WORK REQUEST: Below are some entries. Transcribe the lines from the one holding "Extend nasce nel" to the one holding "教室に入ると、焼きそばのソースのいい匂いがしていました。", inclusive, but not the pictures among them.

DATA UNDER STUDY:
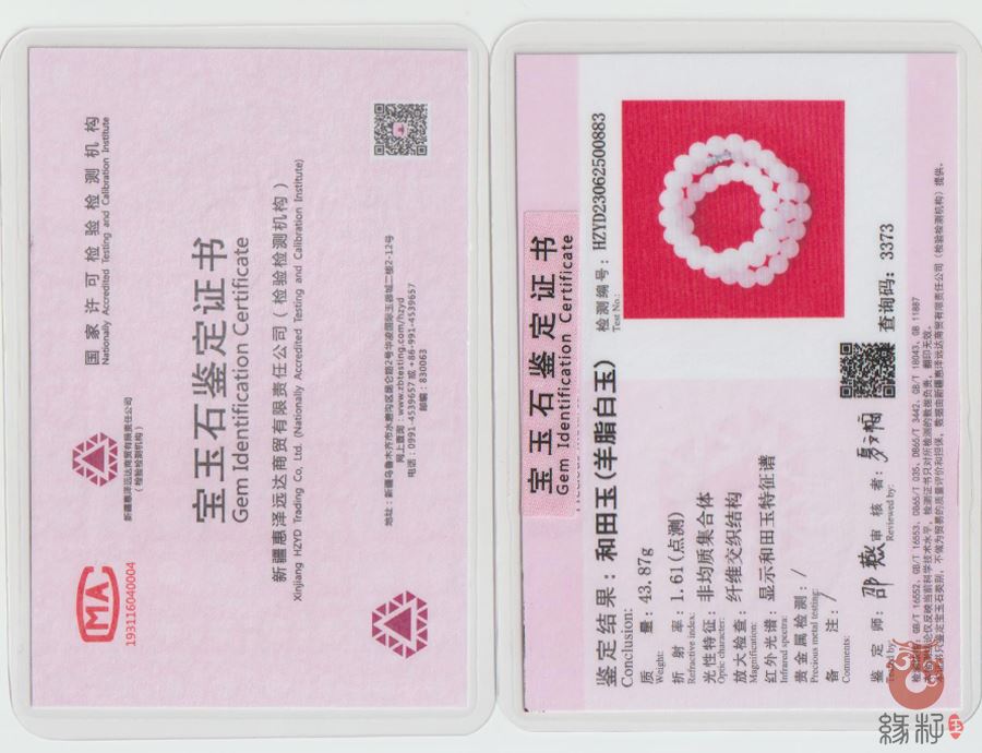 (附:新疆岩矿宝玉石产品质量监督检验站国家和田玉产品质量监督检验中心样例)
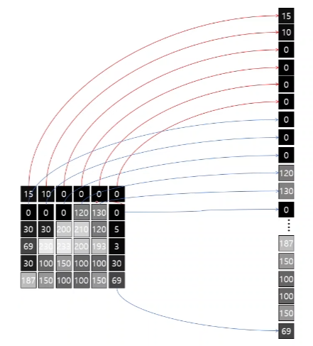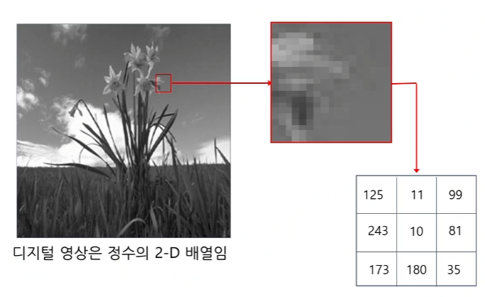 흑백 영상은 화소 하나씩이 하나의 값이 된다.
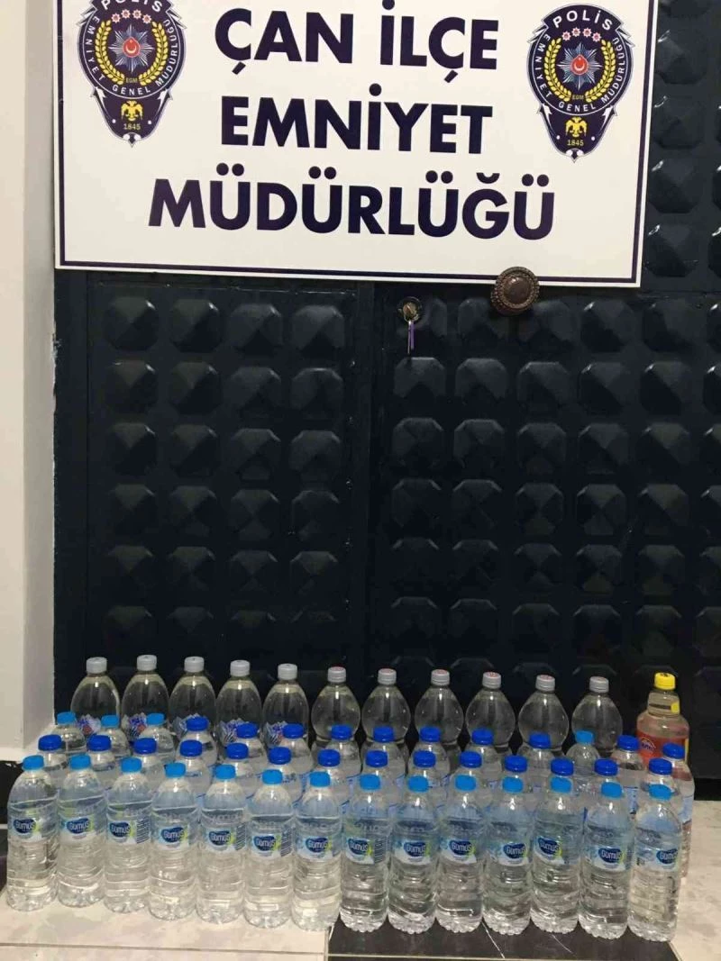 Edinilen bilgiye göre, gelen ihbarı değerlendiren Çan İlçe Emniyet Müdürlüğüne bağlı ekipler, yapılan arama sonucunda C. Ş.’ye ait 54 adet pet şişeye doldurulmuş 13 litre sahte votka ve 19,5 litre sahte rakı ele geçirdi. Gözaltına alınan C. Ş. Cumhuriyet Başsavcılığınca serbest bırakıldı.
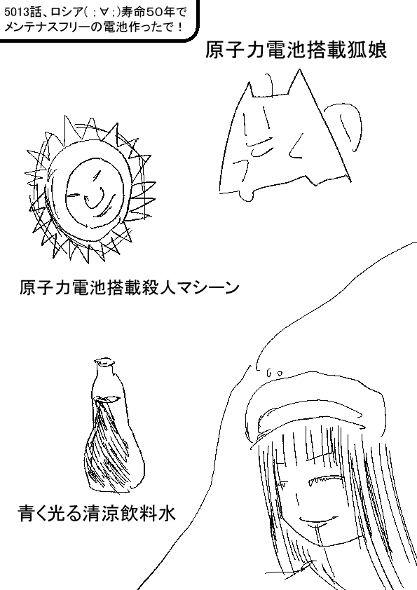 ー ★(ノ゜ω゜)(ノ゜ω゜)先生ぇー!すごい発明……なんですか? ーー †(´・ω・`)宇宙探査機とかに、搭載してそうじゃな……たぶん……(地球から遠くへ飛ばすから、原子力でいいし ー ★(ノ゜ω゜)(ノ゜ω゜)危ないの? ーー †(´・ω・`)……フォールアウトの世界を思い出した ー ★(ノ゜ω゜)(ノ゜ω゜)こら!?そこら中、核動力の狂った世界観を想像するな!? ーー †(´・ω・`)車の燃料?核燃料さ! ー ★(ノ゜ω゜)(ノ゜ω゜)ぬか・こーらでも飲んでろ! ーー †(´・ω・`)隠し味が放射能なアレ!? |
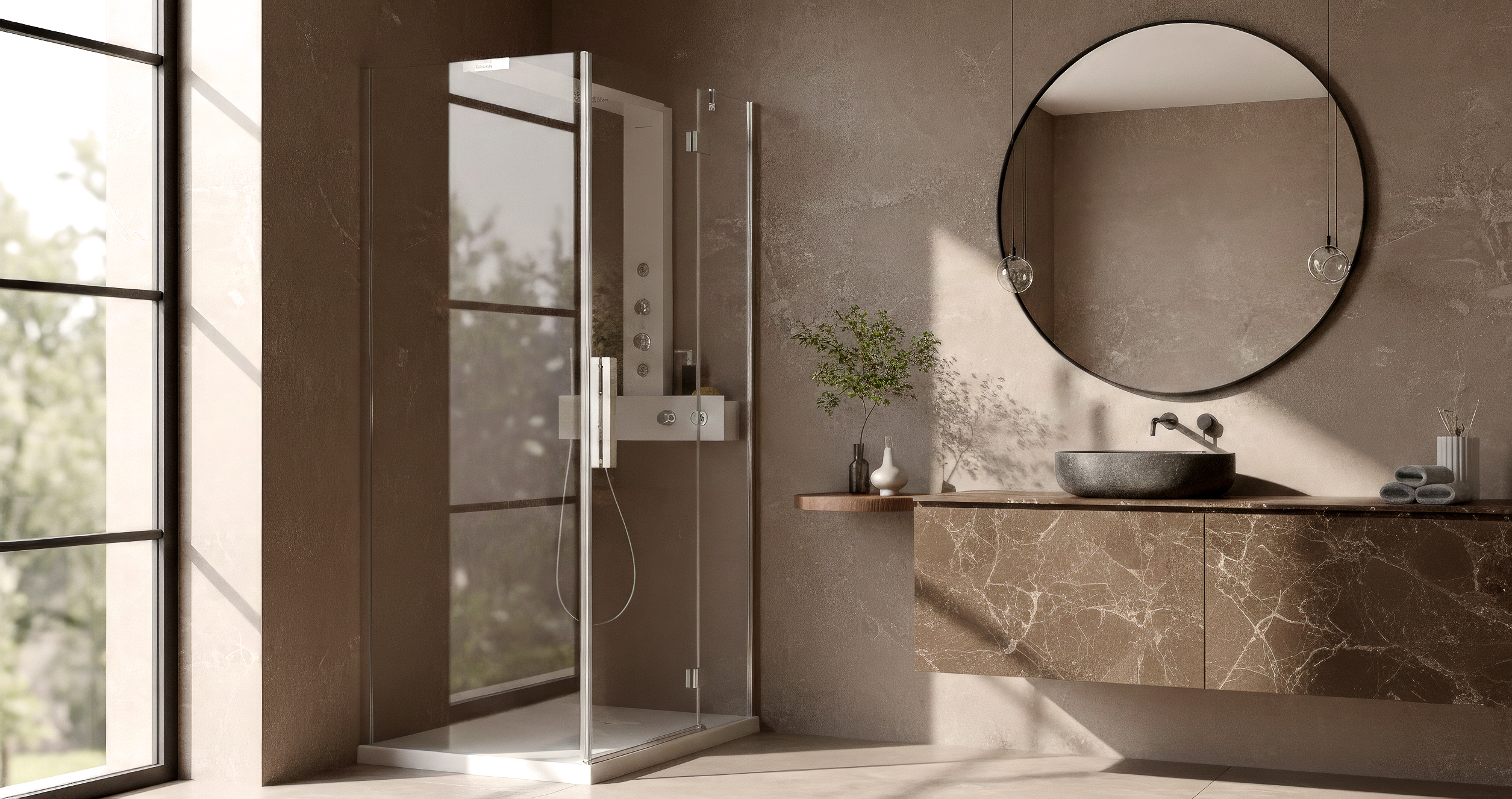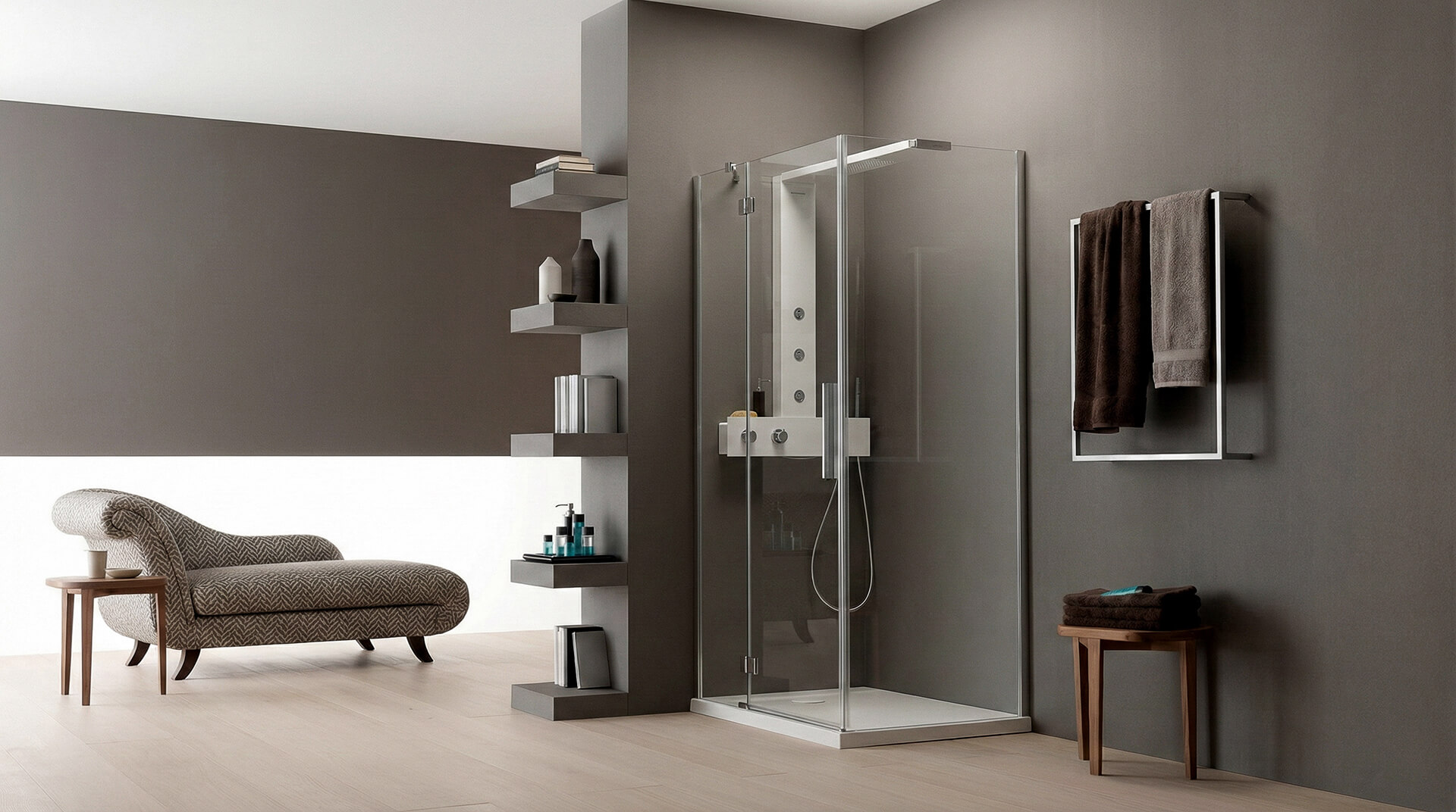 Extend nasce nel 2012 per Albatros System con un’idea semplice: restituire dignità ai gesti ripetuti, rendendo la doccia un piccolo rito domestico di benessere. Il progetto si costruisce attorno a una soglia orizzontale che attraversa il box: integra gli apparati idraulici e, nello stesso gesto, diventa piano d’appoggio e contenitore per la cura del corpo. La scelta del Corian definisce un carattere compatto e continuo, preciso nei dettagli e affidabile nell’uso. La tecnologia resta al servizio della persona: getti nebulizzanti, velo d’acqua centrale e soffione superiore compongono un’esperienza calibrata, senza protagonismi. Ne risulta un oggetto d’arredo che struttura lo spazio con sobrietà e lo rende più chiaro, più comodo, più quotidiano.
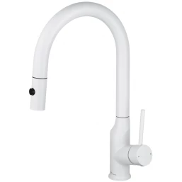 Смеситель для кухни Wonzon & Woghand WW-A21252-MW с выдвижным изливом, белый матовый
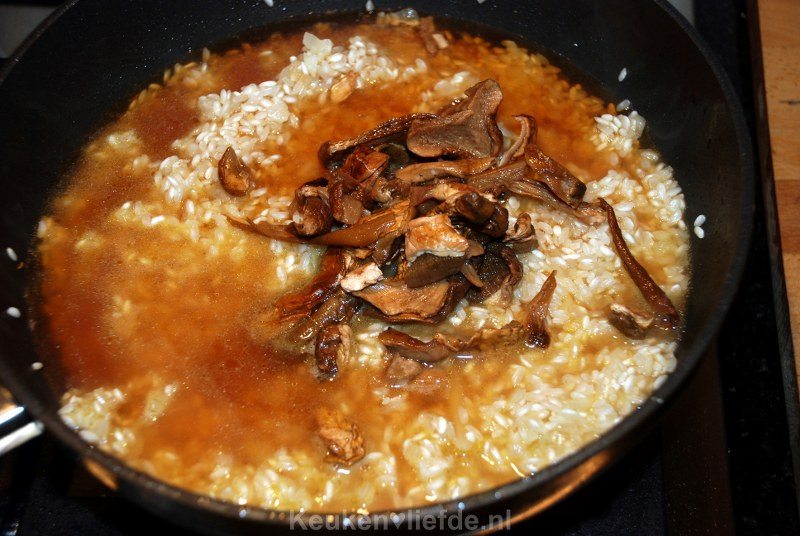 Voeg de risotto toe en bak kort even mee. Blus de risotto af met de witte wijn en laat even verdampen. Snijd de porcini in iets kleinere stukjes en voeg ze samen met het weekwater en wat bouillon toe, zoveel totdat de risotto net onder staat.
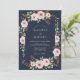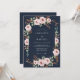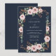 Este design apresenta um fundo azul meia-noite profundo complementado por rosas cor-de-rosa suaves e folhas de eucalipto intrincadas. A paleta de cores sombria evoca um senso de elegância sofisticada, tornando-a ideal para um evento formal noturno ou outonal. Flores e folhagens ricas em detalhes em aquarela criam uma estética exuberante e atmosférica.
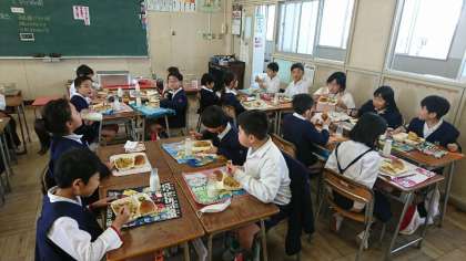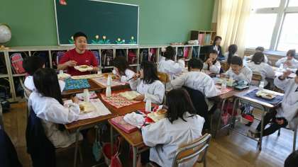 教室に入ると、焼きそばのソースのいい匂いがしていました。
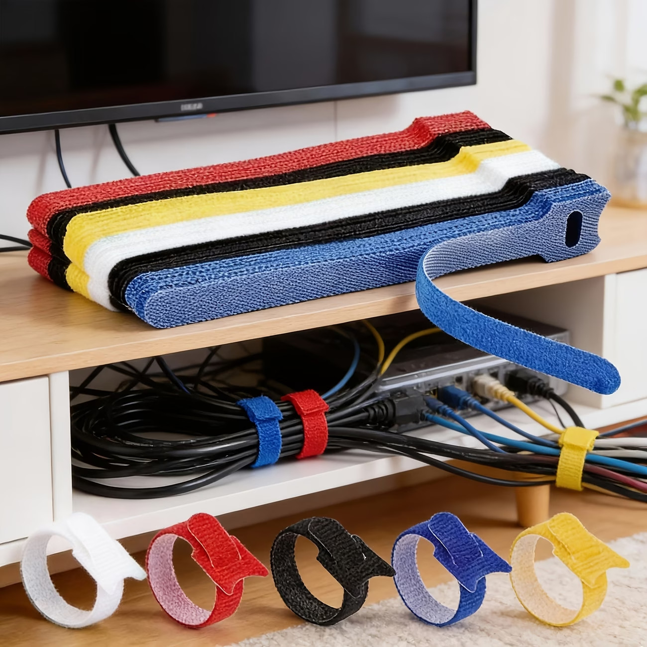 как выглядит 200Pcs Cable Straps Wire Cord Hook Loop Ties Reusable Fastening Organizer Lot фото

ANSWER SECTION:
 Extend nasce nel 2012 per Albatros System con un’idea semplice: restituire dignità ai gesti ripetuti, rendendo la doccia un piccolo rito domestico di benessere. Il progetto si costruisce attorno a una soglia orizzontale che attraversa il box: integra gli apparati idraulici e, nello stesso gesto, diventa piano d’appoggio e contenitore per la cura del corpo. La scelta del Corian definisce un carattere compatto e continuo, preciso nei dettagli e affidabile nell’uso. La tecnologia resta al servizio della persona: getti nebulizzanti, velo d’acqua centrale e soffione superiore compongono un’esperienza calibrata, senza protagonismi. Ne risulta un oggetto d’arredo che struttura lo spazio con sobrietà e lo rende più chiaro, più comodo, più quotidiano.
 Смеситель для кухни Wonzon & Woghand WW-A21252-MW с выдвижным изливом, белый матовый
 Voeg de risotto toe en bak kort even mee. Blus de risotto af met de witte wijn en laat even verdampen. Snijd de porcini in iets kleinere stukjes en voeg ze samen met het weekwater en wat bouillon toe, zoveel totdat de risotto net onder staat.
 Este design apresenta um fundo azul meia-noite profundo complementado por rosas cor-de-rosa suaves e folhas de eucalipto intrincadas. A paleta de cores sombria evoca um senso de elegância sofisticada, tornando-a ideal para um evento formal noturno ou outonal. Flores e folhagens ricas em detalhes em aquarela criam uma estética exuberante e atmosférica.
 教室に入ると、焼きそばのソースのいい匂いがしていました。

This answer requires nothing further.